Decorated across the surface in a characteristically whimsical, highly imaginative style, The Offering is a magnificent example of Charles Prendergast's painted panels. Although his reputation was first established as one of America's greatest frame makers, Prendergast began a second career as a painter in his fifties which flourished into his early eighties. Although not as acclaimed for his painting as his brother Maurice, Charles did produce a small yet extraordinary group of panels, murals and watercolors which capture his most unique vision, often described as "primitive," "childlike" and "heavenly."

Prendergast's first painted works were produced around 1912, following what must have been a highly inspiring trip to Italy the year before. As Nancy Mathews points out, "Italy was a revelation to him; he loved the sensation of stepping into the past." (The Art of Charles Prendergast from the Collections of Williams College Museum of Art and Mrs. Charles Prendergast, Williamstown, Massachusetts, 1993, p. 15) In addition to the wonderful frames and antique carved furniture he saw, Prendergast was struck by the brilliancy of the gold leaf shimmering on the surfaces of the quattrocento and cinquecento masterpieces. From this point forward, gilding not only embellished his frames but became a prominent element in his paintings.

In a characteristic manner, The Offering, executed circa 1916-17, portrays a landscape filled with flowers and animals as three women extend blossoms. By making the central figure smaller than the other two, Prendergast adeptly leads the viewer into his world presenting the figures and animals in the background, framed by the plants on either side of the composition. Prendergast's wit and spontaneity freed him from employing an expected symmetry and perfection in this carefree arrangement, "reflecting the Ruskinian preference for asymmetry, irregularity and roughness." (R. Anderson, "Charles Prendergast," Maurice Brazil Prendergast and Charles Prendergast: A Catalogue Raisonné, Williamstown, Massachusetts, 1990, p. 90) These details may recall Prendergast's earlier interest in subjects suggesting fruitfulness, renewal, and rebirth. However, "it is probably unwise to look for precise iconographic meaning or deliberate intellectual content in his work...it is more likely that Charles chose these motifs primarily because they charmed him on a simple visual level and struck him as a happy antidote to contemporary realism." ("Charles Prendergast," Maurice Brazil Prendergast and Charles Prendergast: A Catalogue Raisonné, p. 90)

Throughout the entire panel, Prendergast's love of decorating a surface is expressed repeatedly.

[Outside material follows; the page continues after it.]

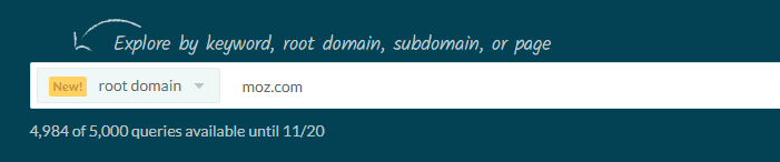 Let's say I want to find some buried content treasure right here on the Moz Blog. In the Keyword Explorer menu, I'll select "root domain" and enter our root domain, "moz.com":

The Offering reveals Prendergast's paramount interest in filling a surface with rich color and pattern, likely stemming from his work in frame design. The flat, two-dimensional quality of The Offering lends the picture a simplicity and clarity, which lies at the heart of its charm. Prendergast's delight in creating the work is displayed across the surface where no one focal point presides. The artist's spontaneous hand is seen in the long, horizontal strokes of the ground. This uniform pattern is broken up by the sweeping lines of the twisting flowers and vines and the marvelous shapes of the animals and figures. Together these wonderful vignettes create a virtual playground for the eyes, the creation of an artist employing a child-like perspective to capture the pleasures of everyday life.

The work retains its original, hand-carved Charles Prendergast frame.